[MATERIAL TO PROCESS]
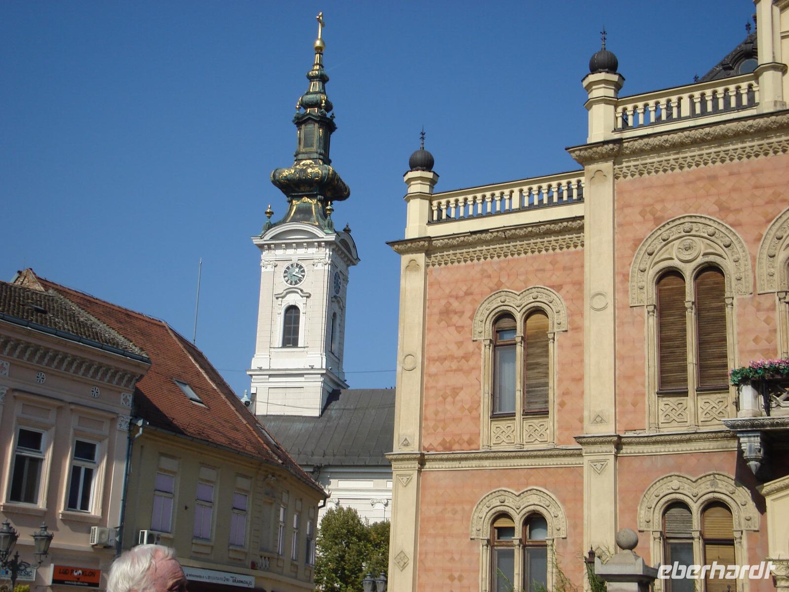 In Novi Sad begrüßte uns schon die berühmte Festung Petrovaradin [deutsch Peterwardein] über dem Ufer der Donau. Die Stilrichtungen, die uns in Novi Sad begegneten, sind vielfältig. Sie reichen von Barock über Neo-Gotik bis Neo-Klassizismus. Hier lebten auch die Donauschwaben. Wieder erfuhren wir viel aus alter und neuer Geschichte und natürlich aus der Gegenwart. Während des Krieges 1999 wurde Novi Sad stark bombardiert. Dabei wurden auch alle drei Donaubrücken zerstört und brachten den Schiffsverkehr auf der Donau für mehrere Jahre fast zum Erliegen. Seit 2005 sind alle Brücken wieder aufgebaut und für den Verkehr freigegeben. Nach Jahren des Neuaufbaus hat sich Novi Sad heute zu einer modernen Universitätsstadt entwickelt.
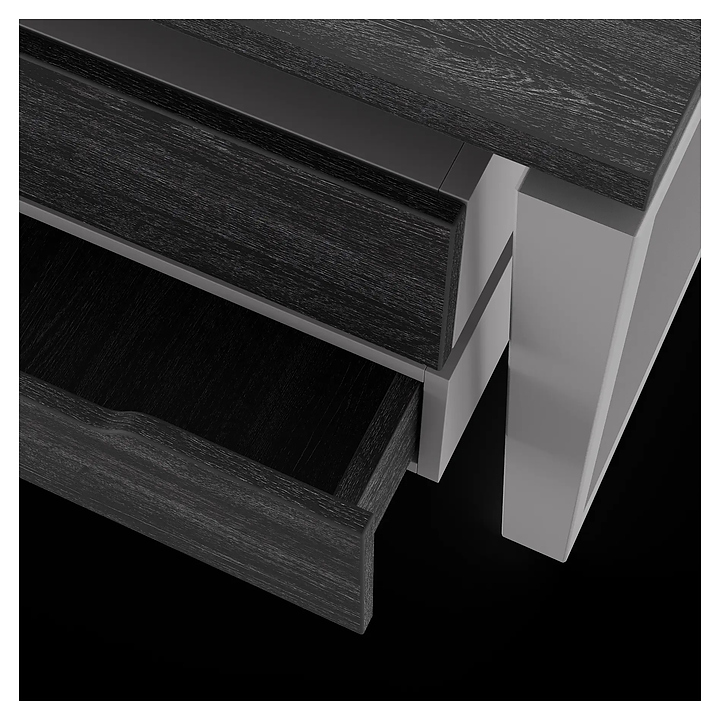 Офисный стол Кобор OTR/2-180/120 aluminum/glazed на 2 рабочих места используется в офисных помещениях и кабинетах руководителей. Модель оснащена опорами в форме обратной трапеции. Каркас и опоры выполнены из металла, выкрашенного в цвет алюминиевый металлик (RAL9006), столешница – из ламинированной древесно-стружечной плиты (ЛДСП) цвета черный дуб (H3178 ST37). Дополнительные характеристики:
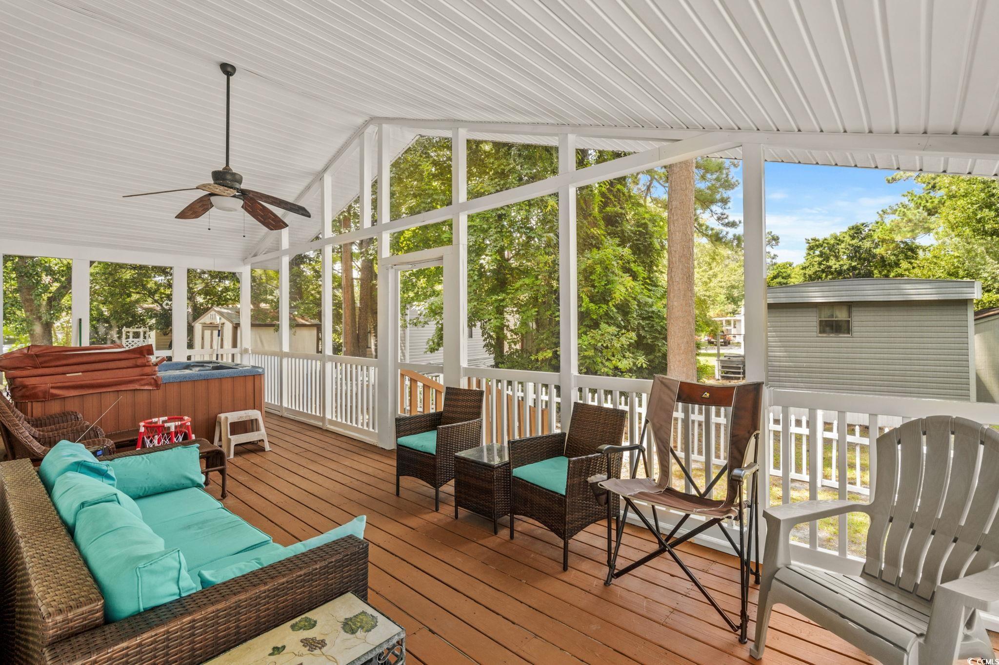 Come view this stunning move in ready 3/2 home located just blocks from the beach. This home has been meticulously cared for, the roof and HVAC replaced in 2023, dishwasher & hot water replaced 2025. Beautiful and bright split floorplan, wood burning fireplace, laundry room, 13x33 screened porch that provides plenty of privacy for relaxing in the hot tub, 8x10 storage building, fenced back yard, plenty of parking and the golf cart is included. Minutes to Garden City Beach & Pier, Murrells Inlet Marsh Walk, restaurant row, groceries, shopping, pharmacies, golf, endless entertainment and more. Windjammer Village is a beautiful coastal community that offers a clubhouse, pool and great management. Golf carts and pets are welcome. Perfect place for a beach home or primary. All measurements are not guaranteed and must be verified by the buyer.
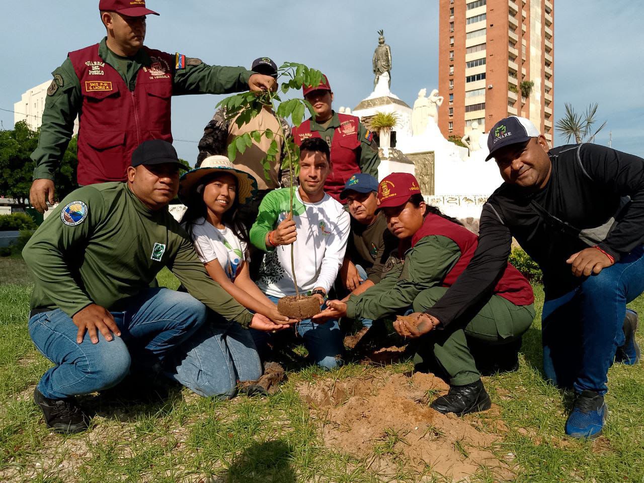 Trabajadores del Ministerio del Poder Popular para el Ecosocialismo (Minec) el estado Zulia, junto a efectivos de la Guardia del Pueblo realizaron una jornada de reforestación en la Plaza Cacique Mara, a propósito de los 532 años de Resistencia Indígena.
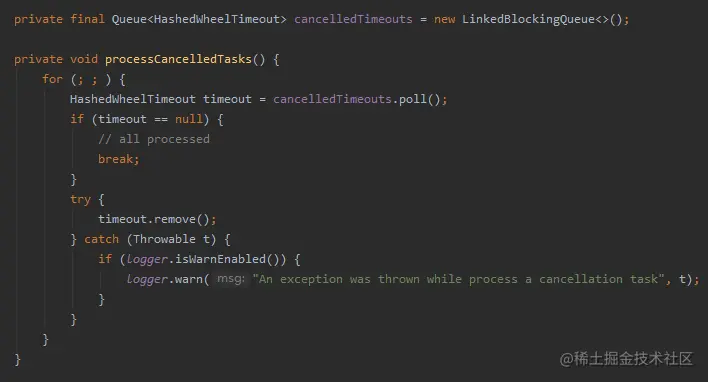 接下来我们逐行看一下循环里面的逻辑,这部分逻辑就是时间轮的核心逻辑。
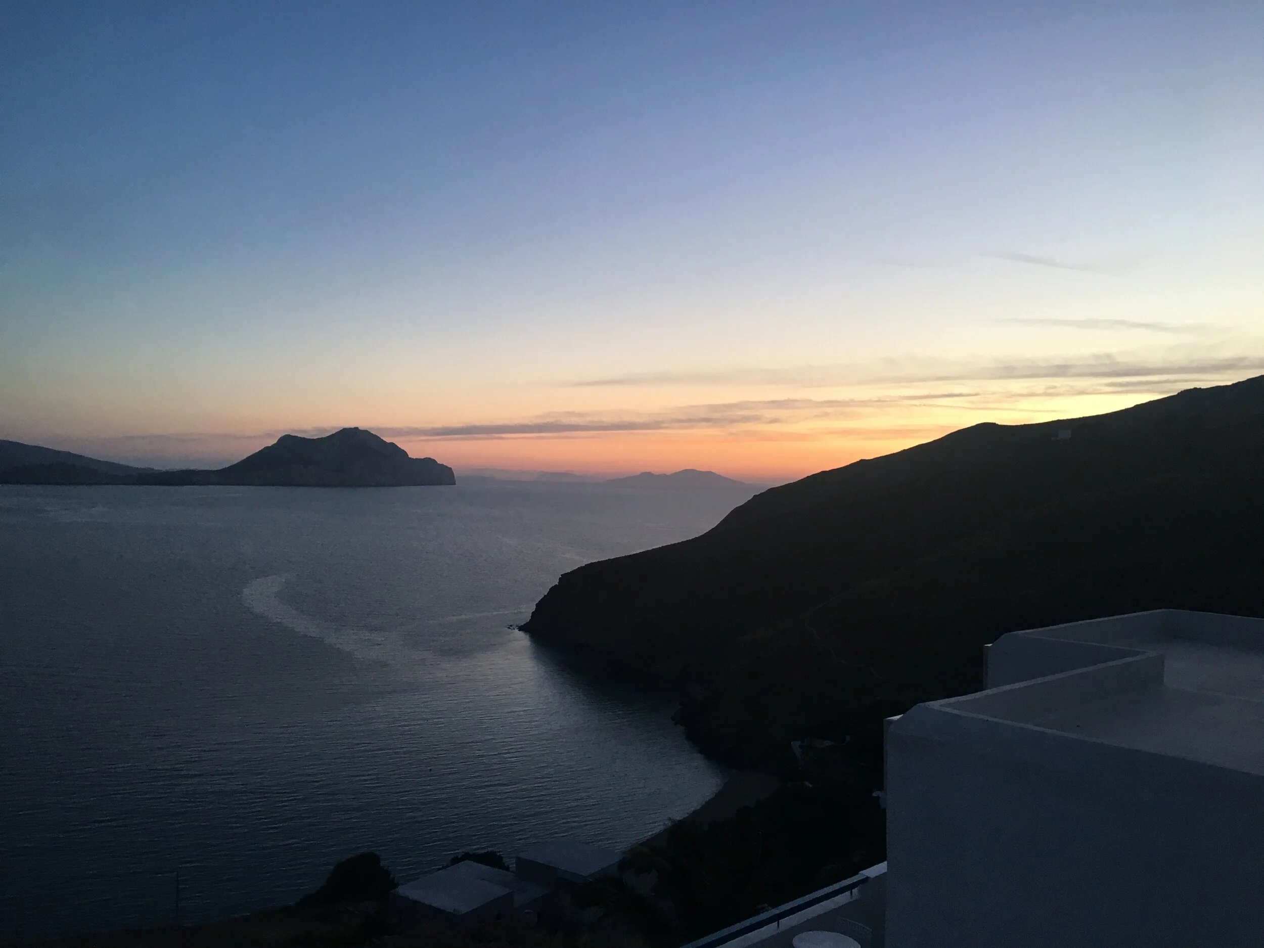 A scenic view of a coastline at sunset with a large island in the water and dark hills on the right side.
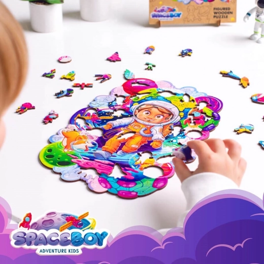 Geef kinderen een unieke ervaring met het leggen van de houten puzzel Ruimte-avonturier. Deze set bevat 120 nauwkeurig uitgesneden stukjes die door hun vorm meer uitdaging en plezier bieden dan klassieke puzzels. Hiermee ontwikkelen kinderen hun
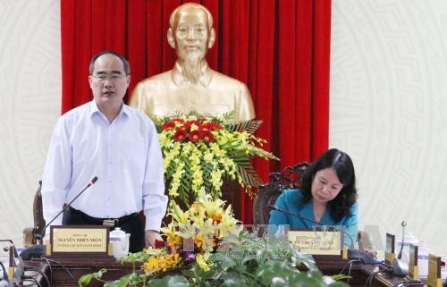 | Đồng chí Nguyễn Thiện Nhân, Ủy viên Bộ Chính trị, Chủ tịch Ủy ban Trung ương Mặt trận Tổ quốc Việt Nam cùng đoàn công tác thăm và làm việc tại tỉnh An Giang.Ảnh: baotintuc.vn |
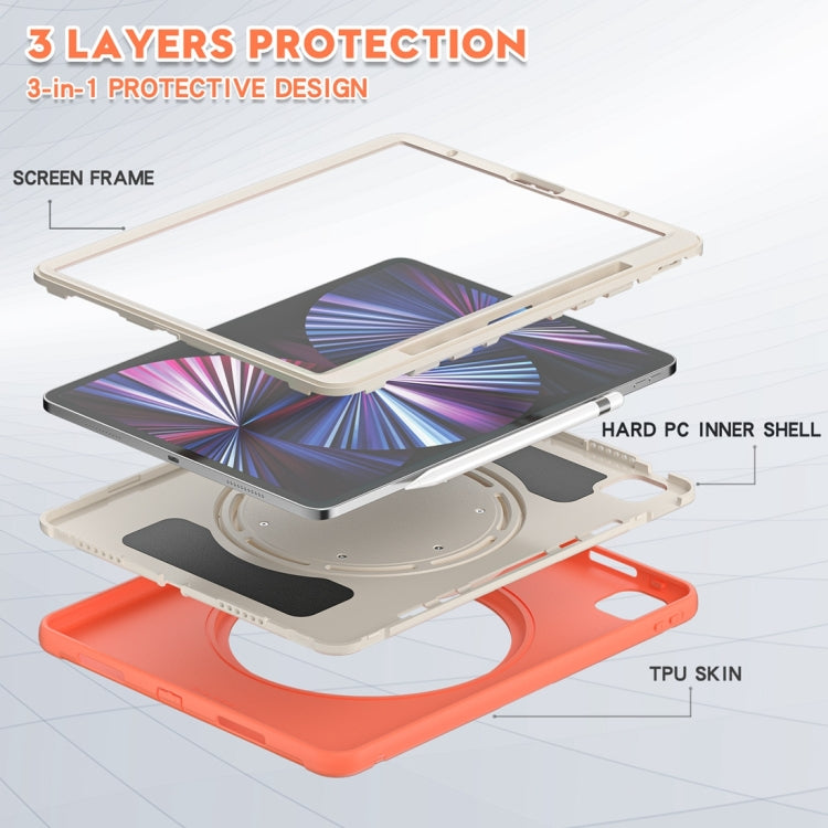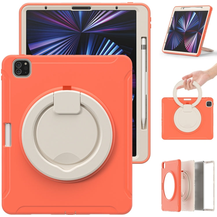 For iPad Pro 12.9 2022 / 2021 Shockproof TPU + PC Protective Tablet Case with 360 Degree Rotation Foldable Handle Grip Holder & Pen Slot(Living Coral)
[/MATERIAL TO PROCESS]
▸ YOUR GOAL
Among the lines above, the one with "Офисный стол Кобор" opens the part to repeat and the one with "Geef kinderen een" closes it; repeat only that part exactly, with no pictures.

▸ EXERCISE RESULT
 Офисный стол Кобор OTR/2-180/120 aluminum/glazed на 2 рабочих места используется в офисных помещениях и кабинетах руководителей. Модель оснащена опорами в форме обратной трапеции. Каркас и опоры выполнены из металла, выкрашенного в цвет алюминиевый металлик (RAL9006), столешница – из ламинированной древесно-стружечной плиты (ЛДСП) цвета черный дуб (H3178 ST37). Дополнительные характеристики:
 Come view this stunning move in ready 3/2 home located just blocks from the beach. This home has been meticulously cared for, the roof and HVAC replaced in 2023, dishwasher & hot water replaced 2025. Beautiful and bright split floorplan, wood burning fireplace, laundry room, 13x33 screened porch that provides plenty of privacy for relaxing in the hot tub, 8x10 storage building, fenced back yard, plenty of parking and the golf cart is included. Minutes to Garden City Beach & Pier, Murrells Inlet Marsh Walk, restaurant row, groceries, shopping, pharmacies, golf, endless entertainment and more. Windjammer Village is a beautiful coastal community that offers a clubhouse, pool and great management. Golf carts and pets are welcome. Perfect place for a beach home or primary. All measurements are not guaranteed and must be verified by the buyer.
 Trabajadores del Ministerio del Poder Popular para el Ecosocialismo (Minec) el estado Zulia, junto a efectivos de la Guardia del Pueblo realizaron una jornada de reforestación en la Plaza Cacique Mara, a propósito de los 532 años de Resistencia Indígena.
 接下来我们逐行看一下循环里面的逻辑,这部分逻辑就是时间轮的核心逻辑。
 A scenic view of a coastline at sunset with a large island in the water and dark hills on the right side.
 Geef kinderen een unieke ervaring met het leggen van de houten puzzel Ruimte-avonturier. Deze set bevat 120 nauwkeurig uitgesneden stukjes die door hun vorm meer uitdaging en plezier bieden dan klassieke puzzels. Hiermee ontwikkelen kinderen hun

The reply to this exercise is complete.